Маслянистая обертка от бутерброда полетела в мусорку; я все еще не чувствовала в себе решимости переступить порог миров, а потому подавила очередной порыв прыгнуть в Нордейл.

Позже. Когда я почувствую, что пришел правильный момент.

 

Перед тем, как пойти домой, я вернулась в сквер, расположенный недалеко от бывшей работы, в котором когда-то практиковалась в переносе вещей, села на лавочку, и принялась наблюдать, как вокруг зажигаются фонари и окна далеких высоток.

На город опускались сумерки.

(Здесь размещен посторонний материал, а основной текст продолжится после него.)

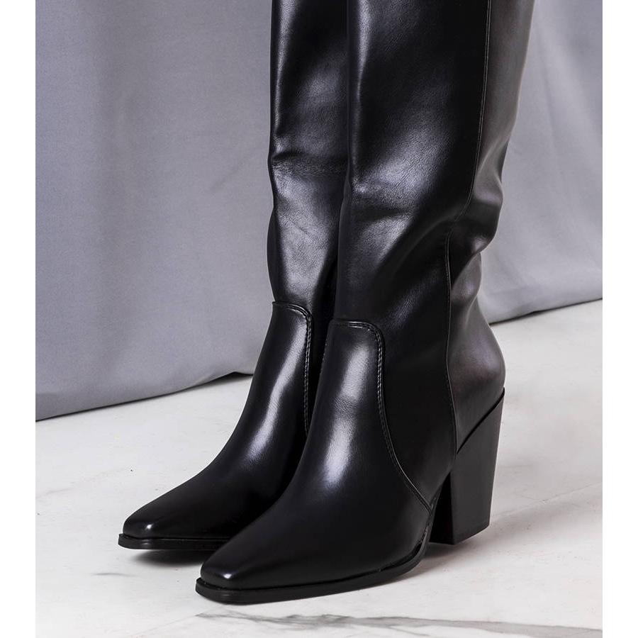 O modelo D7897 possui um salto em bloco estável de 9 centímetros que alonga opticamente as pernas e oferece uma caminhada confortável. A biqueira quadrada confere um visual atual e moderno, e a bota até o joelho oferece proteção adicional contra o frio.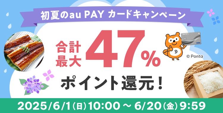 auコマース&ライフとauフィナンシャルサービスは、2025年6月1日から6月20日までの期間、KDDIが運営する「au PAY ふるさと納税」において、「初夏のau PAY カードキャンペーン(以下、本キャンペーン)」を開催します。
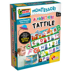 Gioco in scatola con lettere sagomate. Le letterine sono nascoste alla vista per cui il bambini, mettendo la manina nell'apposito foro, cerca le lettere nella scatola usando il tatto. Questo gioco e' in linea con il metodo Montessori perche' stimola l'esercizio della memoria tattile. Eta' consigliata 3-6 anni.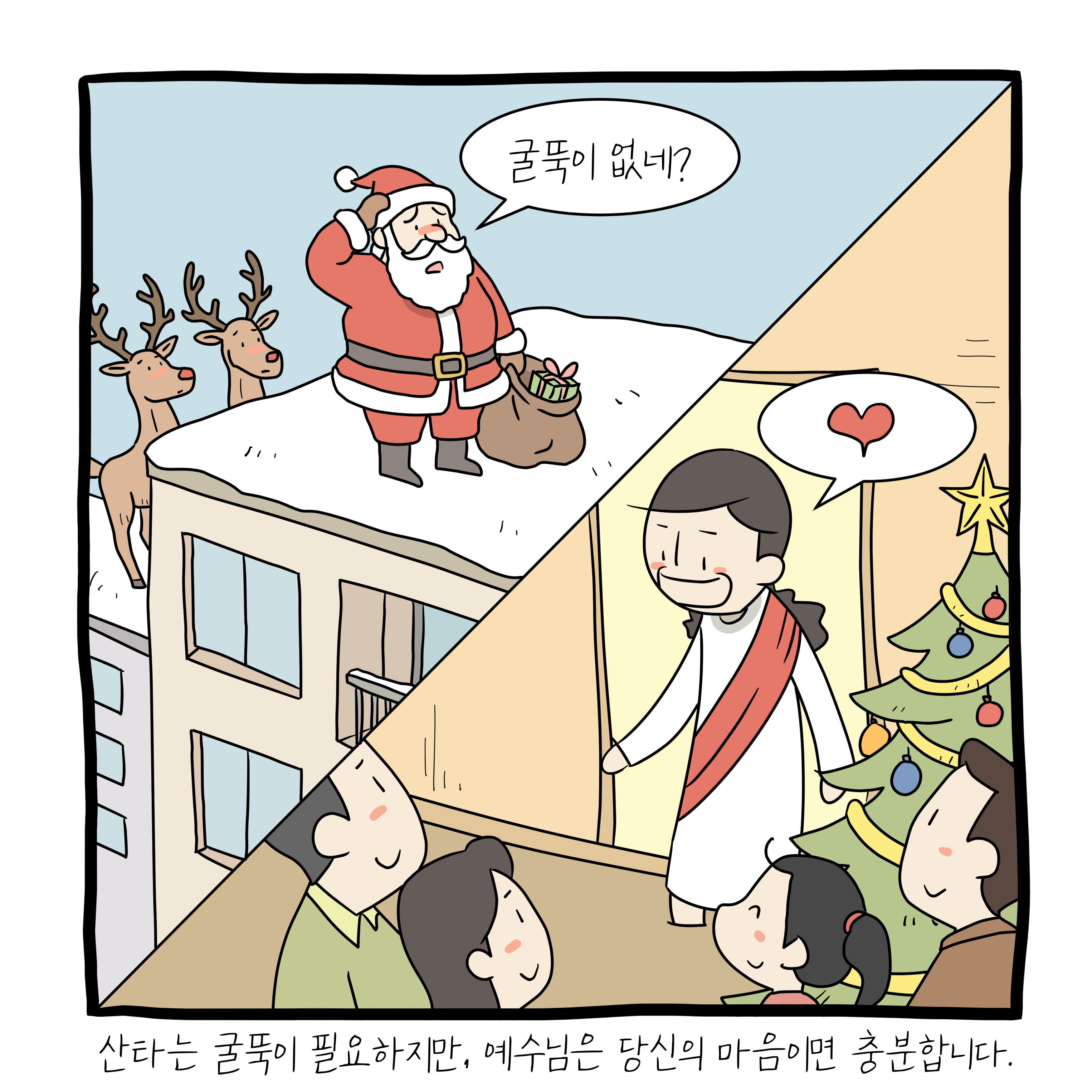 산타는 굴뚝이 없어서 들어오지 못하고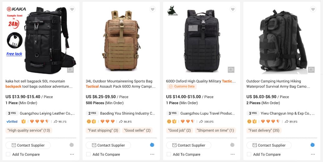 Tim过去曾和阿里巴巴的供应商有打过交道,知道要怎么找供应商。于是他在网页上输入了一些关键词,如backpack、tactical backpack、military backpack、functional backpack等关键词,并看到了相应的产品。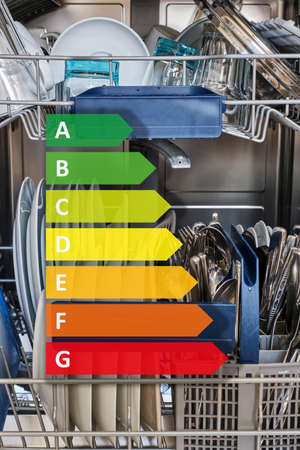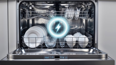 Open dishwasher showing energy efficiency with electricity symbol, concept of saving energy

Через сквер то и дело ходили люди – срезали путь до остановки, зачастую несли в руках пакеты с продуктами; магазин находился на соседней улице за углом.

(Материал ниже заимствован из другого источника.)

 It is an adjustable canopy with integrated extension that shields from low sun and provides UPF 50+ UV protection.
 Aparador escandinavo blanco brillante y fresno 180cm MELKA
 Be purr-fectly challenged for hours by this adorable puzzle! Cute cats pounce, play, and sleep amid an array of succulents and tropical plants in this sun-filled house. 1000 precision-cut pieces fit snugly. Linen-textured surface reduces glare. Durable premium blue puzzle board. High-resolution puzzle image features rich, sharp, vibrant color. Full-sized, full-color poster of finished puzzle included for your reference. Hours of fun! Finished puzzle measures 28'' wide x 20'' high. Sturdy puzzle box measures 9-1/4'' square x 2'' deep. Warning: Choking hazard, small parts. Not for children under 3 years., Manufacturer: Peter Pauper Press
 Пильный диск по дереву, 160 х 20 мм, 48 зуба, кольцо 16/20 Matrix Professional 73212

Вспомнилось, как ребята, после того, как побывали в супермаркете, захотели вернуться в этот мир, познакомиться, рассмотреть его поближе. Тогда из машины на обочине играла музыка, а Мак, одетый в камуфляж, качал ей в такт головой. Канн курил.

Я улыбнулась.

Одновременно с этим в груди стянула концы невидимой веревки тоска. Как недавно и как давно это было. Они, наверное, очень переживали, когда все случилось, да и как иначе.… В тот день досталось всем – мне, им, Дрейку… Но задуматься о том, что произошло с Уровнем «F» после взрыва, я не успела. Воздух у лавочки вдруг неуловимо задрожал, уплотнился и начал светиться бледно-голубым.

Мое сердце глухо заколотилось еще до того, как мужская фигура напротив окончательно сформировалась.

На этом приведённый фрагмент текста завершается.